Primary C-Section rate
|National 2012 rate||21.5%|
|Illinois 2012 rate||20.8%|
|Elmhurst Hospital 2014 Peer rate||19.4%|
|Elmhurst Hospital 2014 rate||17.9%|
|RPW 2014 rate||13.2%|
Total C-Section Rate
|National 2013 rate||32.7%|
|Illinois 2012 rate (unavailable)|
|Elmhurst Hospital 2014 Peer rate||30.6%|
|Elmhurst Hospital 2014 rate||28.2%|
|RPW 2014 rate||21.9%|
We continuously evaluate how we practice to ensure we provide the best care possible. One marker that is tracked is our Cesarean section (C-section) rates. A primary C-section rate is the number of patients that have their first C-section divided by the total number of patients that have never had a previous C-section. It is important to keep this number low because C-sections are associated with greater risks to both mother and baby. Also, mothers who have already had a C-section face greater risks in their next pregnancy. Some C-sections are unavoidable because of the baby's or mother's condition, including if the baby is not delivering head first or the placenta blocks the opening. Elmhurst Hospital's primary C-section rate is below the national average, but our primary C-section rate is 25% below Elmhurst Hospital's rate and more than 40% below our peers at Elmhurst.
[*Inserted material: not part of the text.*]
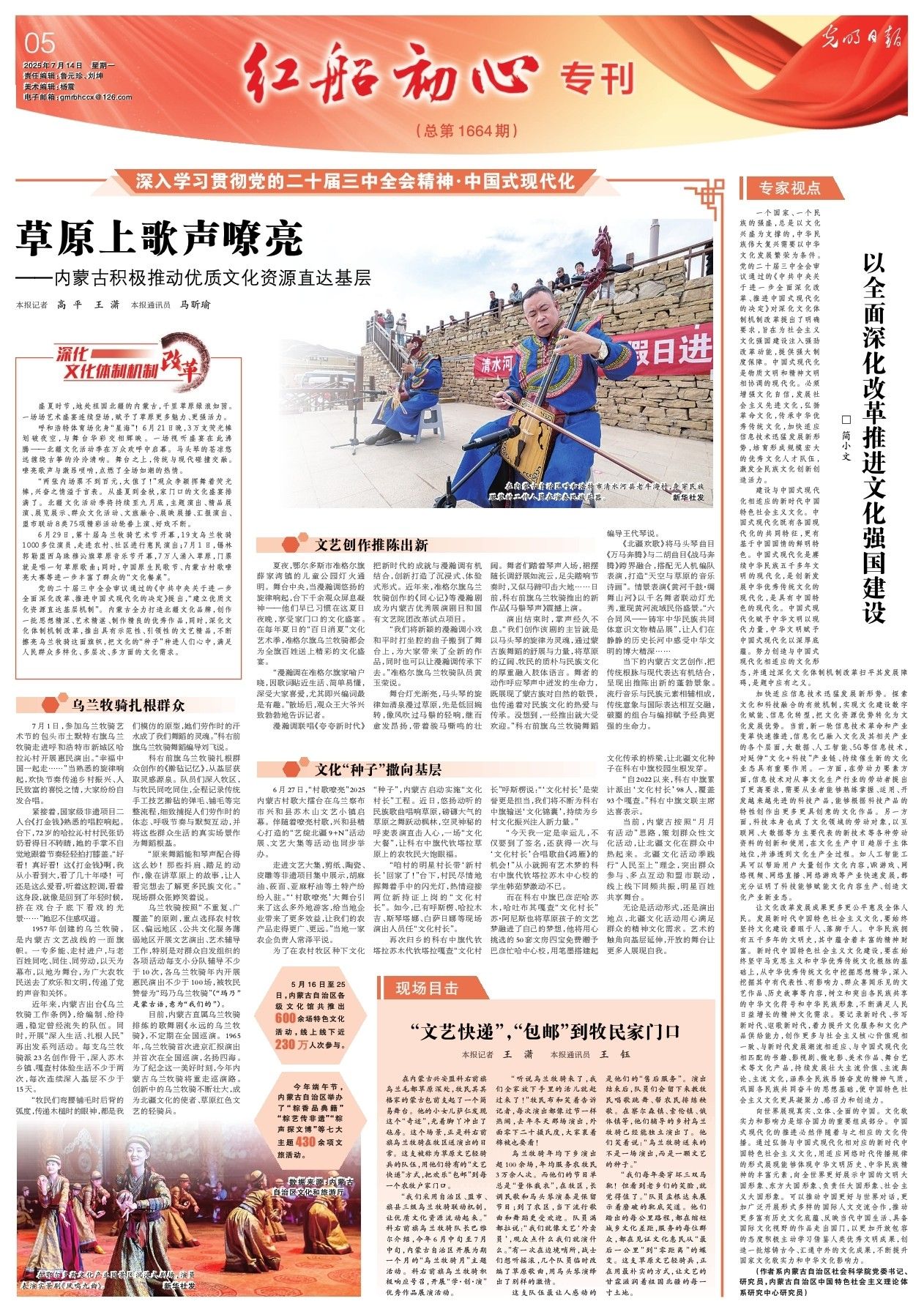 2025年7月14日,《光明日報》第5版刊發(fā)題為《草原上歌聲嘹亮——內(nèi)蒙古積極推動優(yōu)質(zhì)文化資源直達基層》的文章,報道了盛夏時節(jié),地處祖國北疆的內(nèi)蒙古,千里草原綠浪如茵。一場場藝術(shù)盛宴連續(xù)登場,賦予了草原更多魅力、更強活力。

The total C-section rate is the number of patients having their first C-section + the number of patients that are having greater than or equal to their 2nd C-secton and then dividing this by the total number of patients having a baby. Mothers who have had a prior C-section may opt to avoid trying to deliver vaginally with their next pregnancy and plan to have a C-section, or those mothers might try to deliver vaginally again but ultimately fail. We offer most mothers a chance to deliver vaginally after a C-section, if they so choose. Our total C-section rate is 22% below Elmhurst Hospital's rate, 28% below our peers at Elmhurst and 33% below the national rate.